New Retirees: Avoid Costly Medicare Sign-up Mistakes
To retire is to enter the unknown.
Rick Fine has demystified one aspect of retirement: Medicare. As the director of financial planning for an advisory and investment firm, he has put together a list of what he sees as the five biggest mistakes new retirees make.
I encourage you to read Fine’s well-written and detailed article about his five mistakes. Here are a few of the high points.
Mistake #1: Thinking Medicare is free. It’s a great program but it will cost you $174.70 a month for Medicare’s Part B premium – and much more if you have high income. The Part A hospital coverage and Part B for physician services also have deductibles, as do some of the insurance policies that fill in the holes Medicare doesn’t cover.
See Fine’s nifty chart, which clarifies the various cost tradeoffs between choosing a Medicare Advantage policy and a Medigap policy paired with a Part D drug plan. For example, the annual out-of-pocket limit for medical care under an Advantage insurance policy is $8,850 in 2024.

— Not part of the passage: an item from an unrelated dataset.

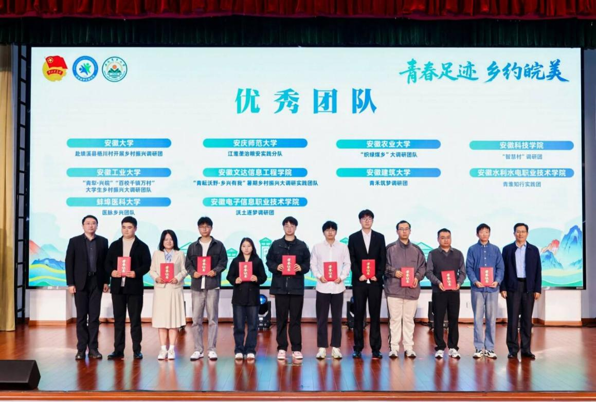 10月24日,第二届安徽省“百校千镇万村”大学生乡村振兴大调研总结大会在安徽农业大学成功召开。团省委书记陈民生、安徽农业大学党委书记张庆亮等领导,以及各高校师生代表出席大会。我院“青犁·兴皖”团队凭借严谨科学的调研设计、深入扎实的田野工作和富有成效的成果转化,荣获“优秀团队”,安徽农业大学党委书记张庆亮、团省委副书记周宇为我院团队代表颁发证书。

Advantage plans tend to have low or no premiums and usually include drug coverage, he said, which works nicely for healthy retirees. Although buying Medigap and a Part D plan means higher premiums, the ongoing costs are more predictable as retirees age and need more care.

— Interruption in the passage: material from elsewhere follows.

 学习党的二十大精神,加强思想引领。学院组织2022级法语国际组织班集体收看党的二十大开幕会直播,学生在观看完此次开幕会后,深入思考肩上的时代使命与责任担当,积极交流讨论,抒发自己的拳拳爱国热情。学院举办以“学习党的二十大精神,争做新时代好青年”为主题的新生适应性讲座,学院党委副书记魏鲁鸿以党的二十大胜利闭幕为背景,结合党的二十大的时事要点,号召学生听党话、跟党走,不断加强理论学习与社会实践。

But if the question is whether Medigap or an Advantage plan is cheaper, “there’s no clear-cut answer,” says Fine, whose firm, Sensible Financial Planning, has offices outside Boston and in San Diego.
Mistake #2: Enrolling late. Late enrollment in Parts A and B will add a penalty to your monthly premium – for life! “The later you enroll, the heavier the penalties,” Fine explains. Individuals are permitted to sign up for Medicare any time in the three months before turning 65 but the coverage typically won’t start until the beginning of their birthday month.
Workers over 65 are exempt from late penalties if they have health insurance from an employer with at least 20 employees. Check with your employer to see if the plan qualifies under this Medicare exemption. Once an employee retires, he has up to eight months to enroll in Medicare Part B before penalties will be imposed. But most enroll right away so they are covered.
Mistake 3: Not signing up for a prescription drug plan.
New retirees may not be aware that they might also pay a late penalty if they do not sign up for drug coverage either embedded in their Advantage plan or in a separate Part D plan.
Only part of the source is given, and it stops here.